AI voice agent accuracy testing verifies that a voice agent correctly transcribes speech, identifies the caller's intent, extracts the right entities (dates, names, IDs, amounts), and completes the requested task. It spans the full cascaded pipeline (speech-to-text, an LLM/NLU layer, tool calls, text-to-speech) and treats each stage as measurable, not an end-to-end "it sounded fine" judgment.

Accuracy is not one metric: an agent can transcribe perfectly and still pick the wrong intent, or pick the right intent and extract the wrong order number. Cekura separates these failure modes so you know which layer to fix instead of re-listening to every flagged call. The reason it matters is arithmetic, because errors multiply rather than add, so a small transcription error compounds into a meaningfully lower end-to-end accuracy. Voice agents therefore show higher error rates than text chatbots running the identical NLU model, because text never pays the transcription tax.

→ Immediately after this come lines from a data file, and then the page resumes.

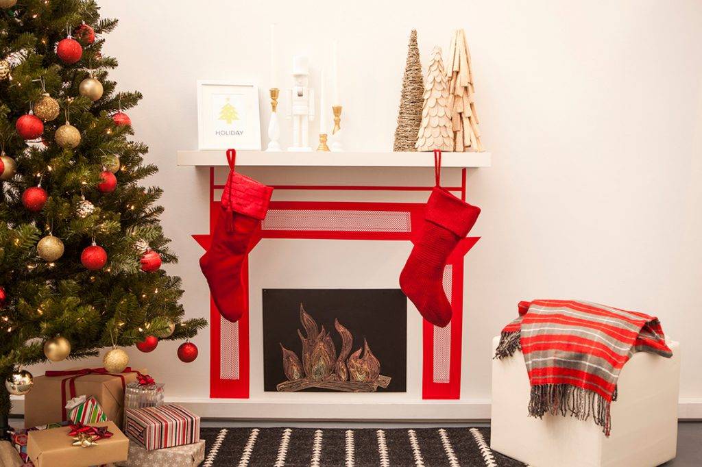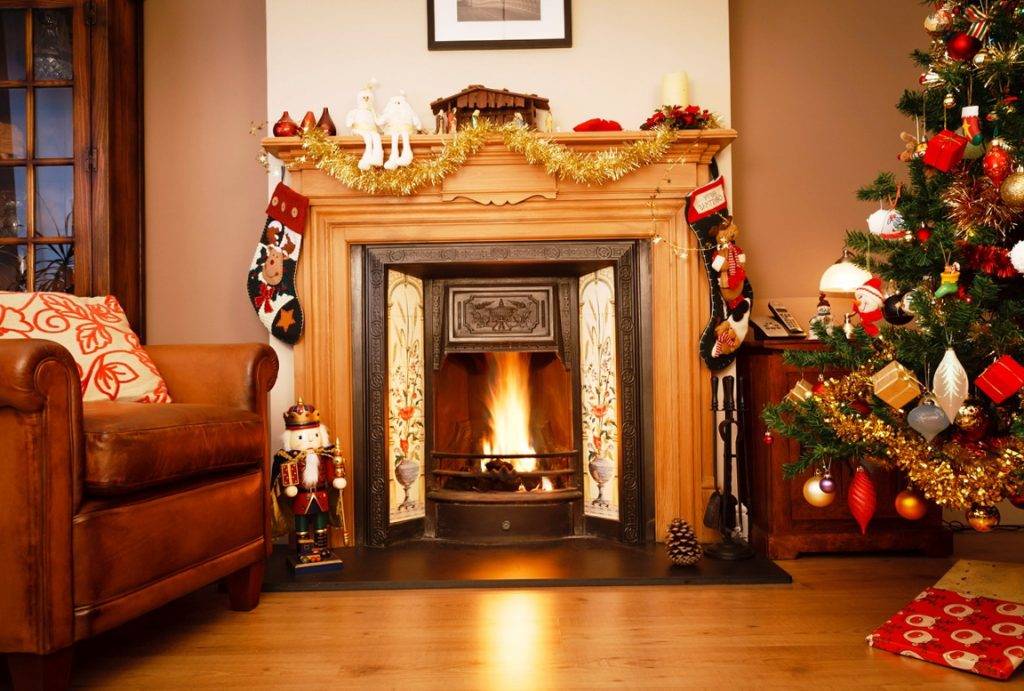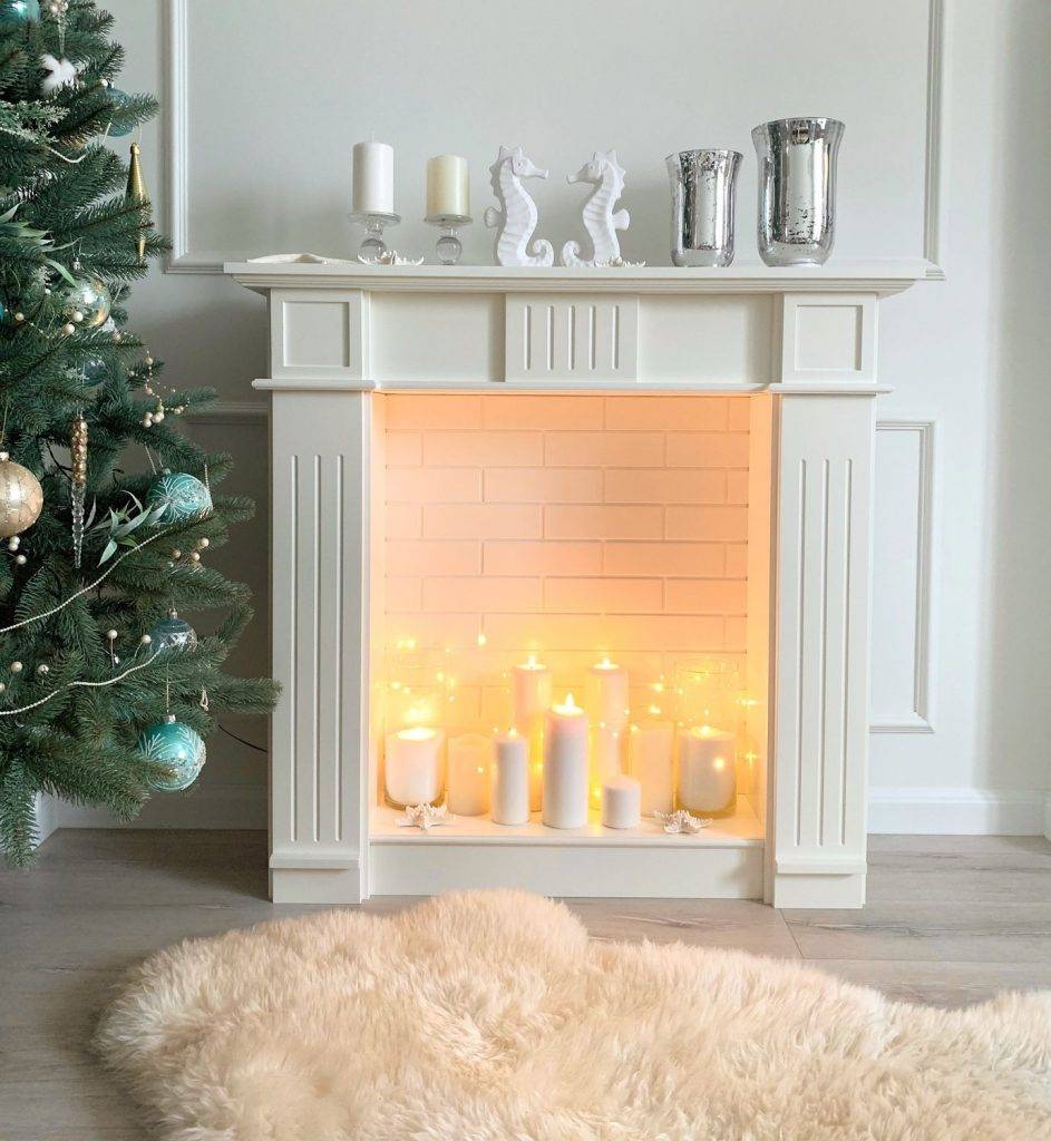 Лучшим украшением комнаты с камином будет пламя огня и потрескивающие поленья, создающие волшебную атмосферу. Такой вариант подходит для настоящих конструкций. Можно имитировать огонь – оптимальный способ выбирается в зависимости от сложности работы, материала изготовления фальш – камина и планов на праздник:
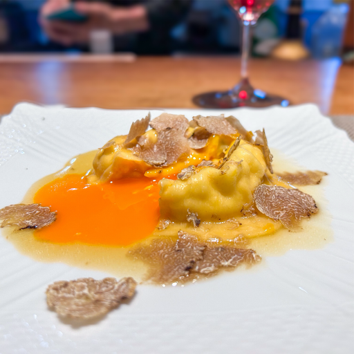◎名古屋コーチン卵黄入り手打ちラビオリ 白トリュフ掛け
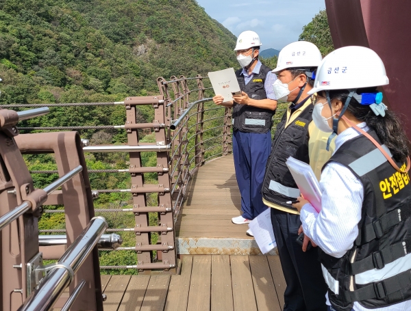 모든 시설 점검은 민·관 합동을 통해 전문성을 강화했고 육안 점검이 어려운 출렁다리, 산사태 취약지역 등 2곳은 드론을 활용했다.
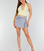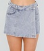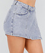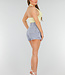 Dieser blaue Skort aus kariertem, gerüschtem Denim mit hoher Taille und Stretch für optimalen Komfort. Die Vorderseite ist mit kleinen Strasssteinen für einen dezenten Glitzereffekt und einer Lasche versehen. Der Verschluss besteht aus einem Knopf und einem verdeckten Knopf mit Reißverschluss und ist mit Gürtelschlaufen ausgestattet. Der Skort hat zwei Eingrifftaschen auf der Vorderseite und zwei aufgesetzte Taschen auf der Rückseite.
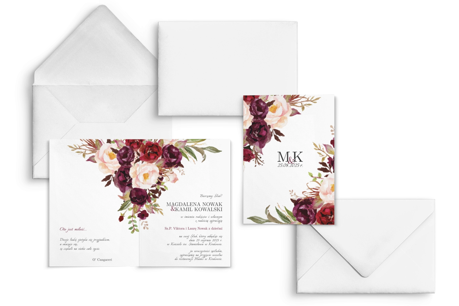 Oryginalne motywy kwiatowe zawarte na zaproszeniach dodadzą zaproszeniu romantyzmu. Mocny kolor kwiatów podkreśli elegancję a delikatna zieleń liści ożywi całe zaproszenie. Intensywne bordowe kolory w połączeniu z bielą papieru tworzą piękny efekt końcowy.

Why voice agent accuracy is harder to measure than text accuracy

Voice agent accuracy is harder to measure than text accuracy because audio adds variables text never has: accents, background noise, interruptions, code-switching, and the clean-vs-production gap. For external context, a model around 1.5% WER on clean studio audio can exceed 10% on noisy call-center recordings, and vendor "95% accuracy" claims routinely fall to the 70-80% range in the field (AssemblyAI, 2026); treat those as third-party figures, not Cekura benchmarks.

The point holds either way: accuracy testing that only uses clean audio measures the wrong thing. This is why Cekura's persona engine drives every test call with controllable conditions, including background noise, interruption patterns, speaking pace, emotion, and 30+ languages with code-switching, and replays the same evaluator across accents and noise profiles so you see where accuracy actually breaks, not just the best-case number.

Layer 1: Speech-to-text accuracy testing for voice agents

Speech-to-text accuracy testing measures how correctly the agent's STT layer converts spoken audio into text, usually with word error rate (WER).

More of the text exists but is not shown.